SA Bugzilla – Bug 5292
URIDNSBL erroneously matches substrings of words with accents
Last modified: 2019-08-21 09:21:09 UTC
using URIDNSBL, the string Cinéma.ca matches domain ma.ca.
does 'Cinéma.ca' work as a link in any mail user-agent?
fwiw, this doesn't really have anything to do with uridnsbl. it's all about the uri text parser looking for raw domains. uridnsbl would take that information and query for it, but it's not involved in actual parsing.
I let you guys specifiy the appropriate component to report the bug on (spamassassin?). About Cinéma.ca being a link in MUAs, not in Thunderbird. Outlook makes a link if it is prefixed by http[s]. While I'm at it (could be another bug or feature request), urls of the form http://www.startof adomain.com shouldn't match adomain.com as it does now. It's causing quite a few FP with multi.uribl.com.

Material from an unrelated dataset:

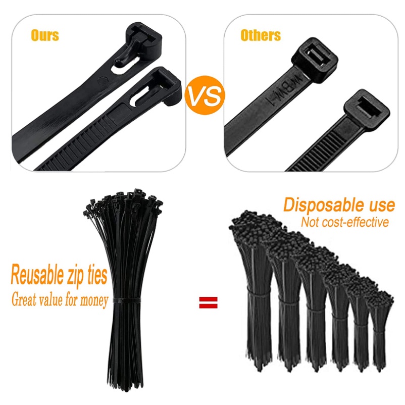 50pcs Releasable Reusable Zip Ties Heavy Duty Zip Tie Thick Black Cable Ties Reusable Tensile Strength Nylon Cable Wire Ties for Multi-Purpose Use Indoor Outdoor Plastic Tie Wire

a few other FPs: "QuébecRencontres.com" matches becrencontres.com a weird one: "He told me.well.in fact, he didn't say much" matches well.in (why is the html code containing me...well... but the dots vanished from the txt version? a bug in hotmail composer I suppose). For the latest case what about validating www. when there's no http:// ? I don't think MUAs make links of non http nor www. uris.
(In reply to comment #4) > a weird one: > "He told me.well.in fact, he didn't say much" matches well.in (why is the html > code containing me...well... but the dots vanished from the txt version? a bug > in hotmail composer I suppose). > For the latest case what about validating www. when there's no http:// ? I don't > think MUAs make links of non http nor www. uris. The issue is spam that says "type gotofoo.com in your browser" ... we're trying to catch that. What this comes down to is: - do we limit ourselves to www.* strings? - do we limit ourselves to old-school TLDs? (.com, .net, etc.) - do we limit ourselves to obvious URLs only (https?://) - do we not bother and have people complain that we don't catch this type of thing?
(In reply to comment #5) > What this comes down to is: > > - do we limit ourselves to www.* strings? > - do we limit ourselves to old-school TLDs? (.com, .net, etc.) > - do we limit ourselves to obvious URLs only (https?://) > - do we not bother and have people complain that we don't catch this type of thing? A balance of each? catching http://anything or www.old-schooltld and validating that there is no starting part ending the previous line (in case of improper line jump) would be nice. I hate spam as much as you guys but false positives are also very annoying.
Improved with latest commit, schemeless parser will only match pure alphanumeric now. Sending spamassassin-3.4/lib/Mail/SpamAssassin/PerMsgStatus.pm Sending trunk/lib/Mail/SpamAssassin/PerMsgStatus.pm Transmitting file data ..done Committing transaction... Committed revision 1865612.